第48話 そして彼は限界の向こうに、まだ広い世界の姿を見た

「タイム!」

 タイムをかけて、北村が内野を集めた。

「敬遠って、いいのか? 黒田は一応ここまで、全打席抑えてるだろ」

 計算高すぎる直史が黒田を警戒するのは、このわずかな時間に親しくなった北村にとっても、おかしなものであった。

 だが、明確な理由がある。

「スルーが上手く制御出来ません。ファウルチップになったのはそのせいです。五番も敬遠して、満塁策にしましょう」

 直史の冷静すぎる判断に、全員が沈黙する。


 スルーが使えないのなら、東郷までは確かに危険だ。

 代打の切り札もいるだろうが、あちらは直史が、スルーを選択したくないのを知らない。

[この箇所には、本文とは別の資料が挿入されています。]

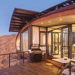 The main lodge appears to be have been carved out of the desert rather than built atop it so natural are the materials and so sensitive the architecture. At the base of a rocky mountain, Namib Outpost looks out across what must be one of the most spellbinding views on Earth: an uninterrupted panorama so vast it beggars belief, no hint of human habitation and an ever-shifting spectrum of blondes, browns, yellows and reds framed by a mountain range of Marsian hues topped with a deep blue sky only the world’s oldest desert can produce. Words are an insult; we suggest you witness it yourself.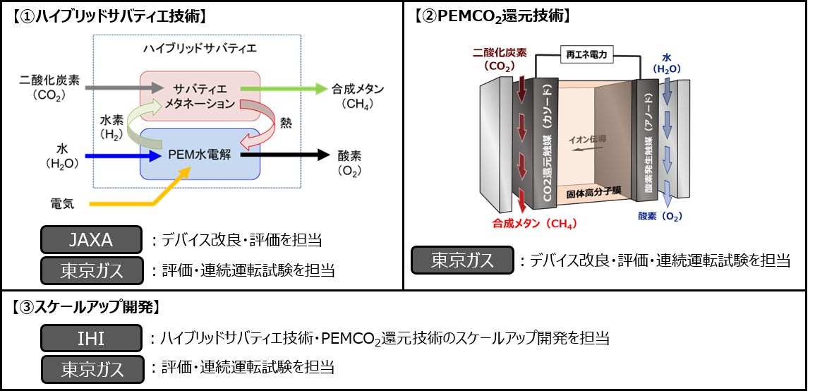 東京ガス株式会社(社長:内田 高史、以下「東京ガス」)は、本日、国立研究開発法人宇宙航空研究開発機構(理事長:山川 宏、以下「JAXA」)および株式会社IHI(社長:井手 博、以下「IHI」)との共同提案で、国立研究開発法人新エネルギー・産業技術総合開発機構(以下「NEDO」)が公募した「グリーンイノベーション基金事業/CO2等を用いた燃料製造技術開発プロジェクト」の「合成メタン製造に係る革新的技術開発」の実施予定先に選定されました*1。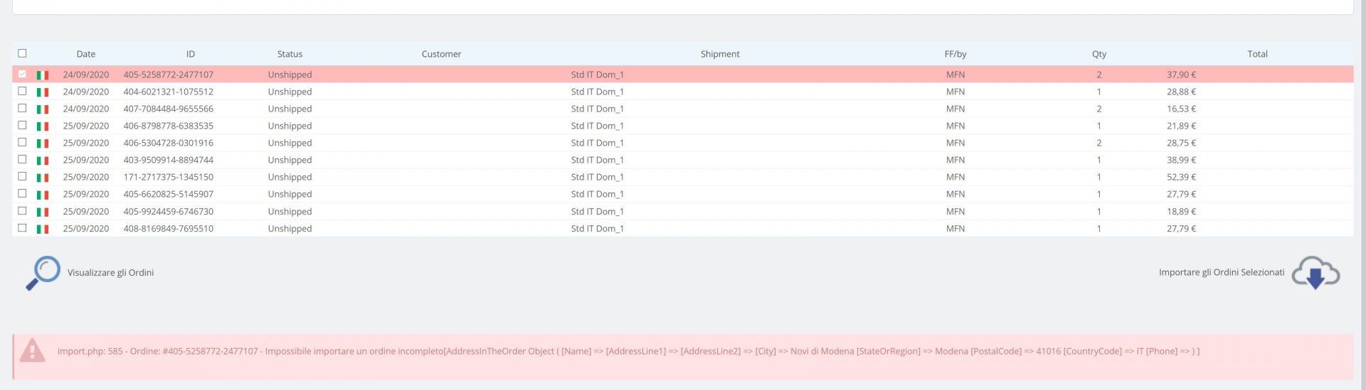 ziobudda Posted September 25, 2020 Share Posted September 25, 2020 Controlla lato Amazon quell'ordine. Come dice l'errore è incompleto in alcune parti importanti. Guardando così sembra che manchi l'indirizzo di spedizione. M. Link to comment Share on other sites More sharing options...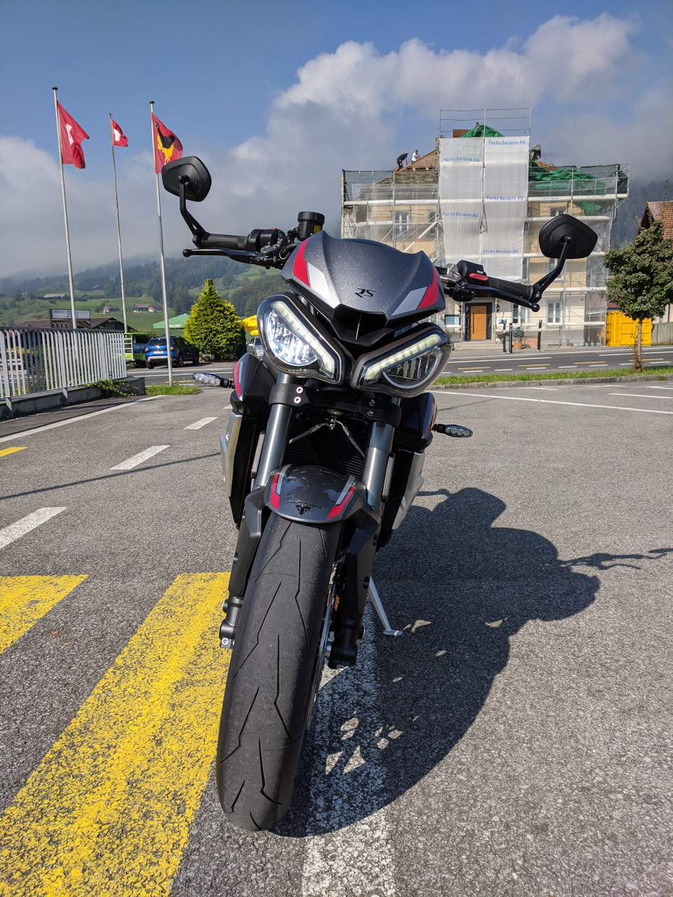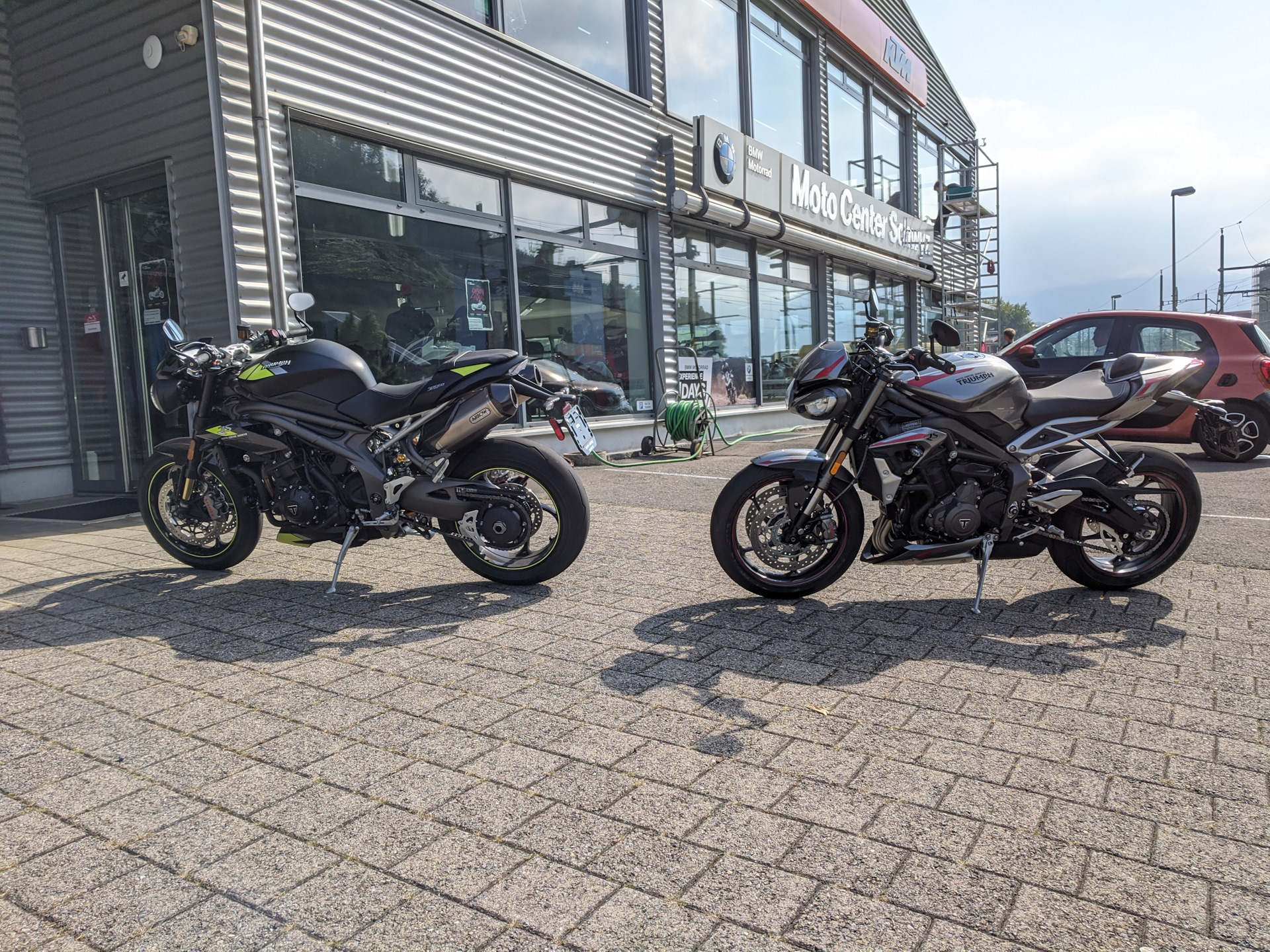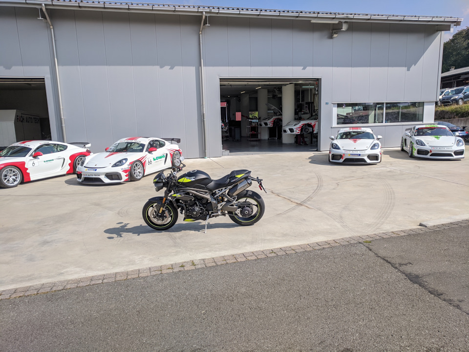Дилер (Триумф, БМВ и КТМ!) находится у подножья горы, так что там есть где потестировать разгон, торможение, разные скоростные интервалы, и управляемость в виражах вверх и вниз.

 間近で見てきた六番を、そのまま打席に立たせる可能性が高い。

 それに代打の切り札でも、直史がスルーを封印してさえ、アウトに出来る可能性はかなり高いだろう。

 すぐ傍のベースでアウトになるのだ。一点でサヨナラになる場面、大量失点を気にする意味はない。


 そもそも、既に敬遠は行われている。

「あっちも大介とキャプテンを敬遠したじゃないですか。こっちもするのは当然でしょ」

 それは、確かにそうだ。

 あちらは逃げによる四球。こちらは回避のための敬遠。

 まあ明らかに意図的な敬遠は印象が悪いだろうが、ここで勝負しろなどというのは、無責任な外野だけだ。無視していい。


 ベンチのセイバーに確認を取ってみると、彼女も「それが正解」のサインを送ってきた。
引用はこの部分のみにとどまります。